◆ **Task objective**: Return the data verbatim, without pictures.

◆ **Recorded data**:
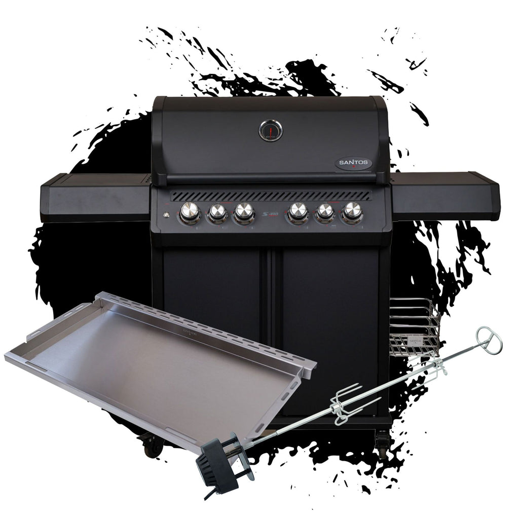 SANTOS S-418 Pro All Black Matt | Seiten- & Heckbrenner | inkl. Drehspieß + SANTOS XXL PLANCHA
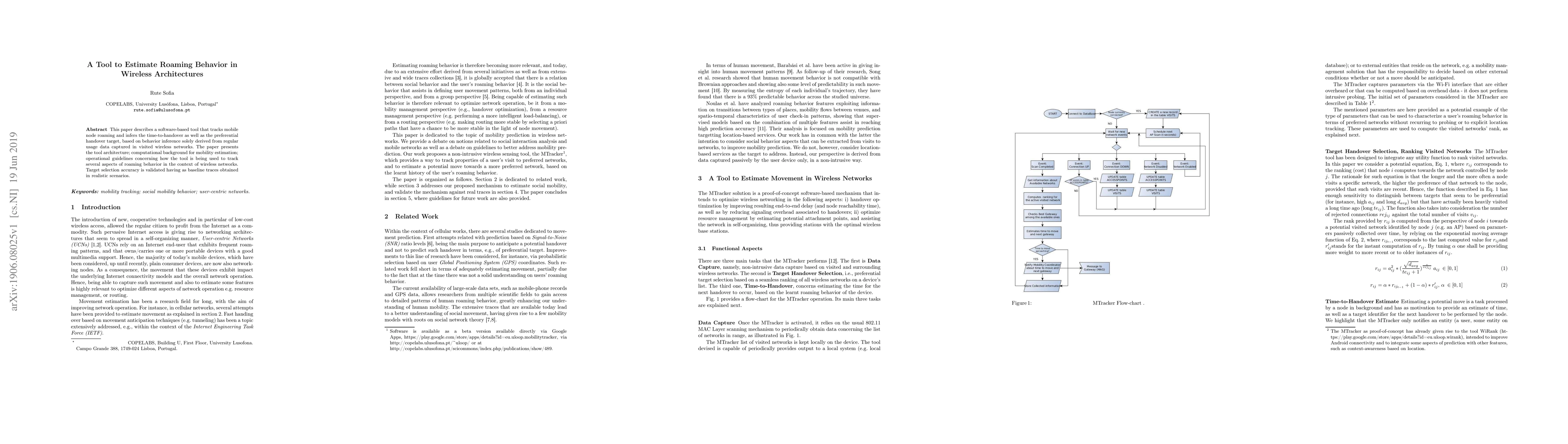 This paper describes a software-based tool that tracks mobile node roaming and infers the time-to-handover as well as the preferential handover target, based on behavior inference solely derived from regular usage data captured in visited wireless networks. The paper presents the tool architecture; computational background for mobility estimation; operational guidelines concerning how the tool is being used to track several aspects of roaming behavior in the context of wireless networks. Target selection accuracy is validated having as baseline traces obtained in realistic scenarios.
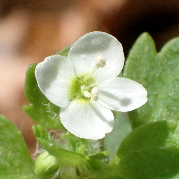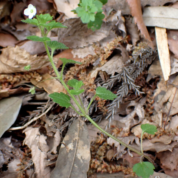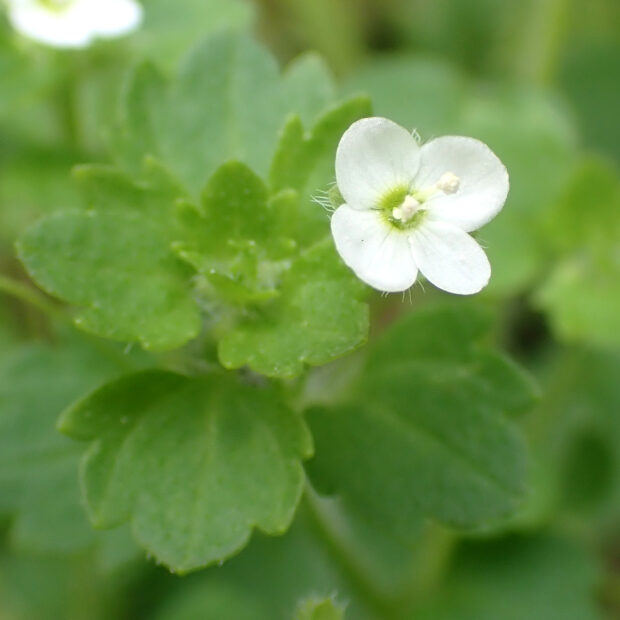 ヨーロッパからやってきた外来種です。 オオイヌノフグリに似ていますが、 花は白く、 茎にはまばらに長い毛が生えています。 名前は同じく白花を咲かせるハマウツボ科のコゴメグサに似たイヌノフグリという意味です。
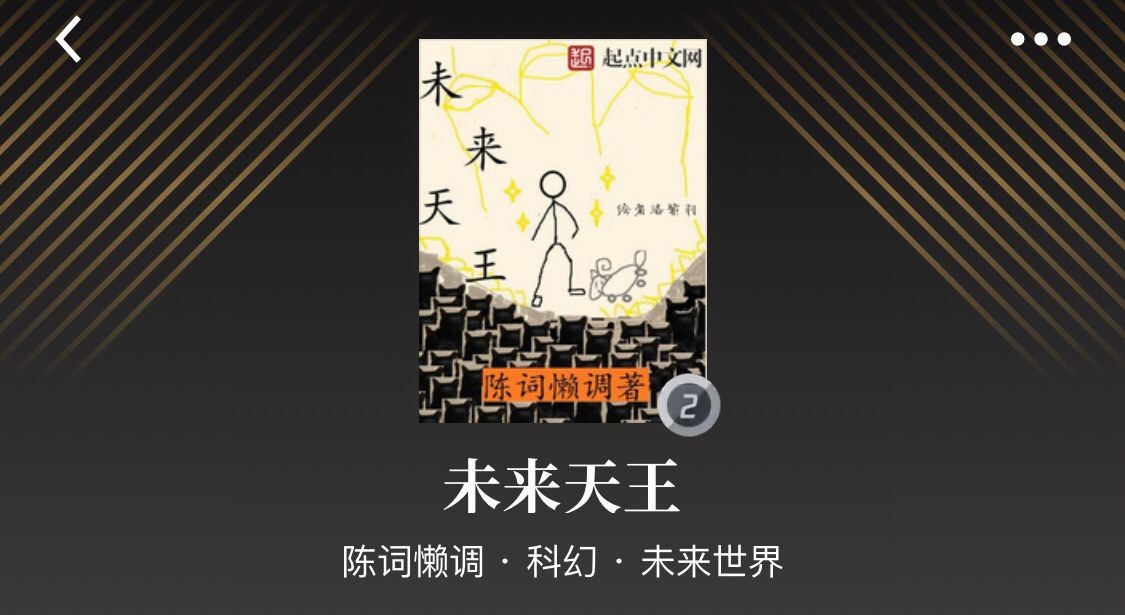 既然提到了回猫,就不得不说一下《未来天王》,这本书是词猫的懒觉目前仍在连载的书,也同样是一本无女主文,相比温馨的回眸,这本书更充满激情和正能量。

◆ **The answer**:
 SANTOS S-418 Pro All Black Matt | Seiten- & Heckbrenner | inkl. Drehspieß + SANTOS XXL PLANCHA
 This paper describes a software-based tool that tracks mobile node roaming and infers the time-to-handover as well as the preferential handover target, based on behavior inference solely derived from regular usage data captured in visited wireless networks. The paper presents the tool architecture; computational background for mobility estimation; operational guidelines concerning how the tool is being used to track several aspects of roaming behavior in the context of wireless networks. Target selection accuracy is validated having as baseline traces obtained in realistic scenarios.
 ヨーロッパからやってきた外来種です。 オオイヌノフグリに似ていますが、 花は白く、 茎にはまばらに長い毛が生えています。 名前は同じく白花を咲かせるハマウツボ科のコゴメグサに似たイヌノフグリという意味です。
 既然提到了回猫,就不得不说一下《未来天王》,这本书是词猫的懒觉目前仍在连载的书,也同样是一本无女主文,相比温馨的回眸,这本书更充满激情和正能量。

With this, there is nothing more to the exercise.